Диниэр засмеялся: наверное, впервые не только на памяти Сивилла, но и на своей собственной. Они говорили о чем-то еще, потом заметив, что раненый устал, Динэ просто сидел рядом, лениво перелистывая книгу и ловя себя на мысли, что пожалуй многие из традиций действительно дикость, а не образец чести, — как например, тогда в деревне разрешение ammae Эледве-тара его отцу самому провести казнь сына… Когда же спустя некоторое время к ним заглянула Лизелла напомнить о завтраке, то только вздохнула в ответ на красноречивый жест Сивилла: 'Обычаи' сползли на пол, а расслабившийся эльфенок спокойно спал, уютно расположившись в кресле с умиротворенной улыбкой.

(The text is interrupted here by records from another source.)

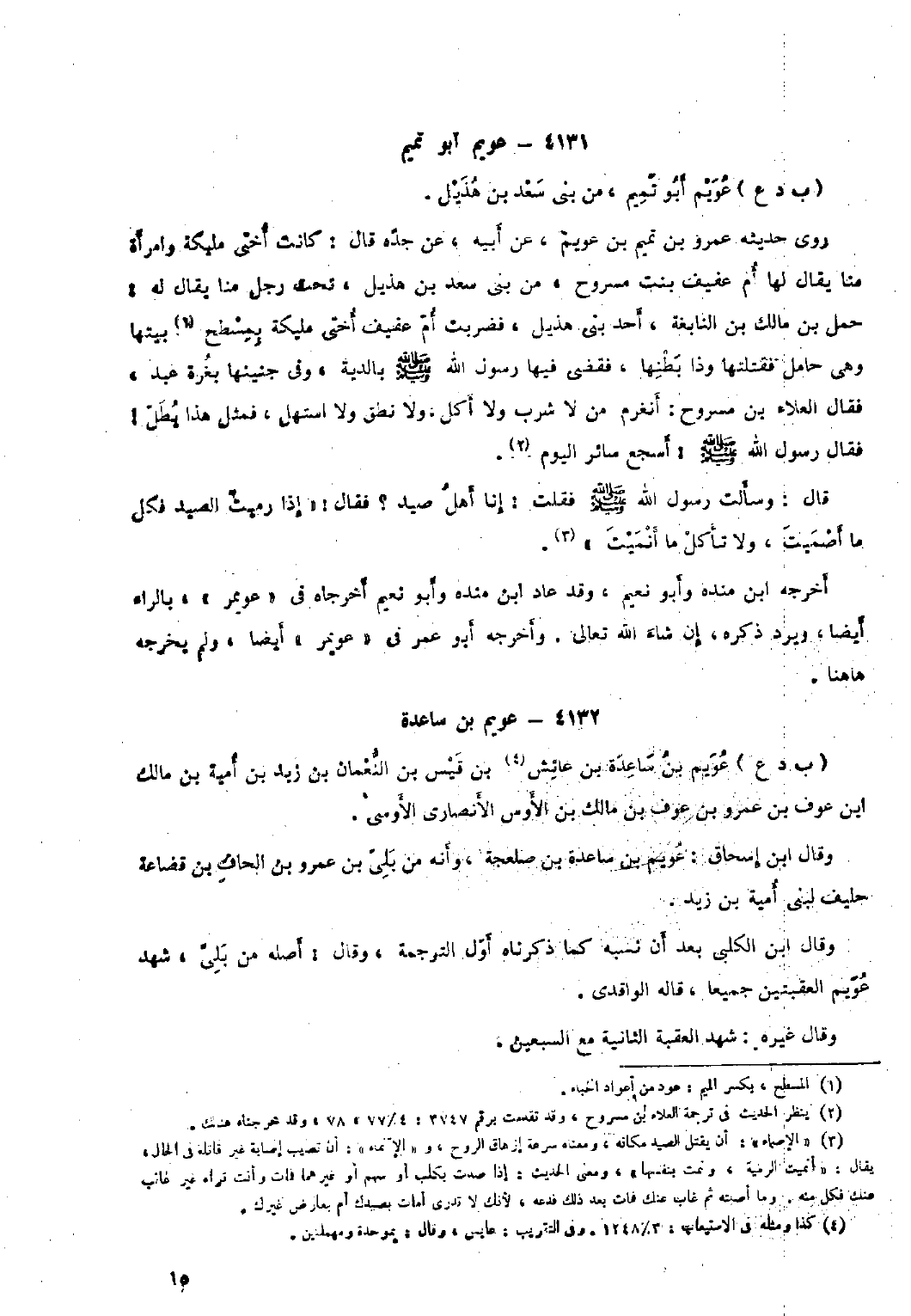 قَالَ: وسألت رَسُول الله صلّى الله عليه وآله وَسَلَّمَ فقلت: أَنَا أهل صيد؟ فقال: «إِذَا رميت الصيد فكل ما أصميت، ولا تأكل ما أنميت» [٣] . أَخْرَجَهُ ابْن منده وَأَبُو نعيم، وَقَدْ عاد ابْن منده وَأَبُو نعيم أخرجاه فِي «عويمر» ، بالراء أيضًا، ويرد ذكره، إن شاء اللَّه تَعَالى. وأخرجه أَبُو عُمَر فِي «عويمر» أيضا، ولم يخرجه هاهنا.
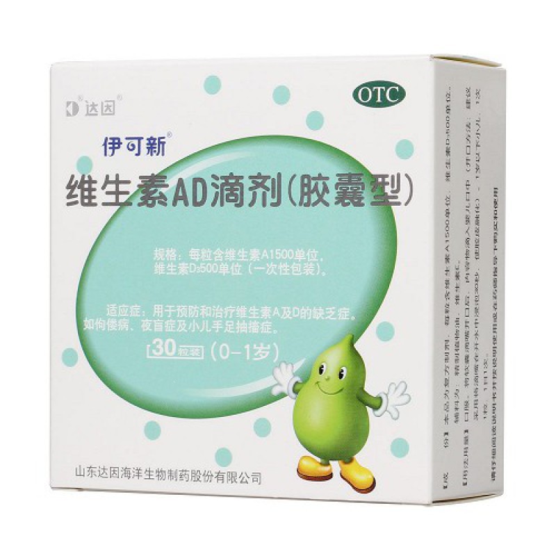 维生素AD滴剂(胶囊型)(伊可新)(0-1岁) A1500U:D500U*30s 山东达因海洋生物制药股份有限公司
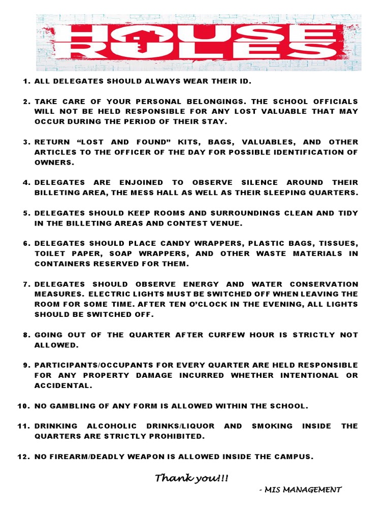 5. DELEGATES SHOULD KEEP ROOMS AND SURROUNDINGS CLEAN AND TIDY
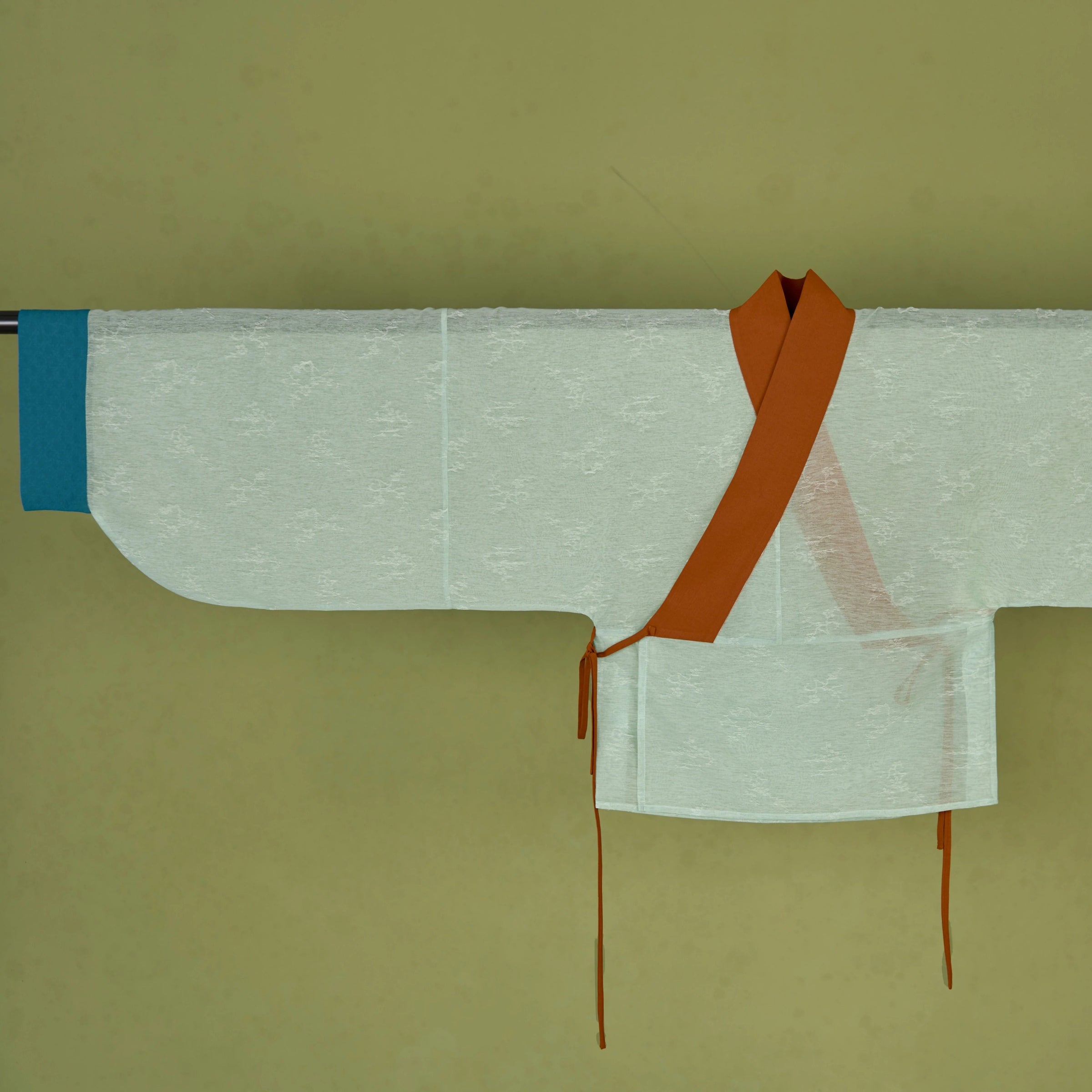 Start with the inner Yaolan Ru 腰襕襦, available in celadon green with little cherry blossom branches jacquarded into the design. Contrast trim along the cuffs and collar add a pop of color when layered with other tops.
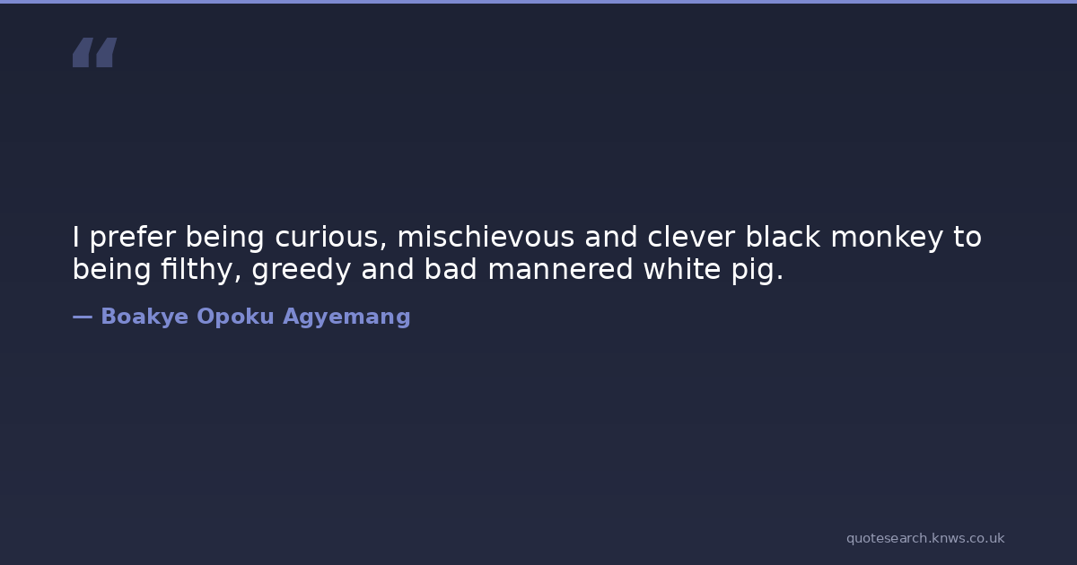 I prefer being curious, mischievous and clever black monkey to being filthy, greedy and bad mannered white pig. race Download Image Share on X Share on Facebook Copy Link
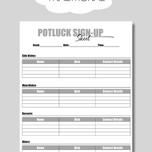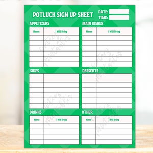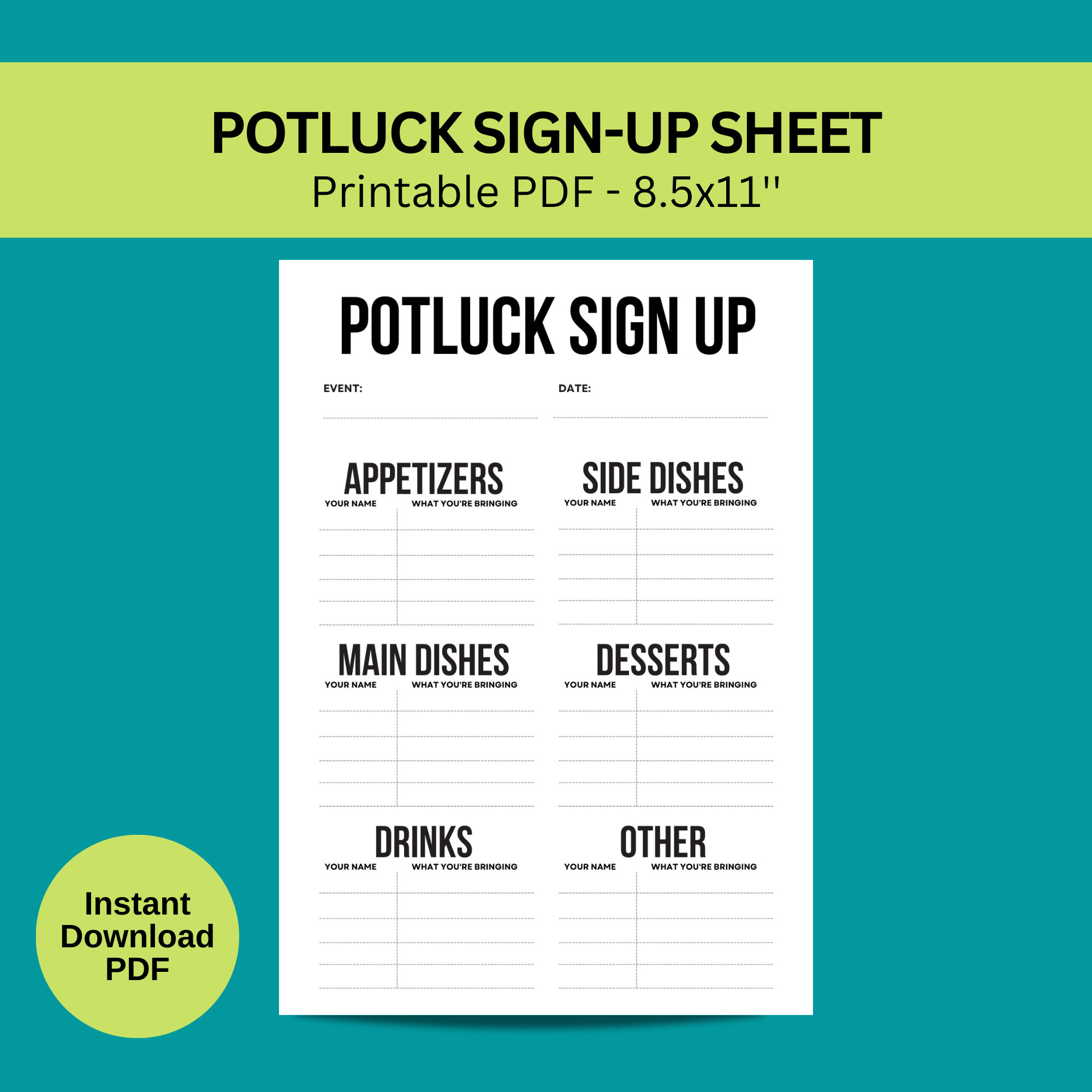 Potluck Sign up Sheet Printable PDF 8 5x11 #39 #39 Etsy

Судя по всему, он ответил себе еще на один вопрос: счастье — это когда есть куда возвращаться.
А это значит, прежде всего, — к кому.
Часть 5
Две женщины сидели у камина, следя за сгущающимися сумерками.
— Привыкай, — говорила та, что старше. — Наша доля — всегда ждать. Чародейка ли, принцесса, торговка… Это участь любой женщины. Мужчины могут позволить себе влипать в приключения до самой старости, играть в их глупые войны и думать, что это самое главное… А мы будет ждать. Чтобы они могли вернуться.
— Лорд Фейт не отослал бы Динэ, если бы там не было настолько опасно…
— Опасно? — Мелигейна мрачно усмехнулась, — Ты просто не знакома с Высоким Эледвером! Даже не знаю, когда бы я сочла его безопасным… Разве что на погребальном костре и то с оговоркой!
Тихое потрескивание поленьев.
— Лиз, этот человек однажды уже поставил весь мир на уши! — Мелигейна говорила не о Фориане, — Да и твой муж не дитя.
Лизелла против воли засмеялась. Несколько нервно.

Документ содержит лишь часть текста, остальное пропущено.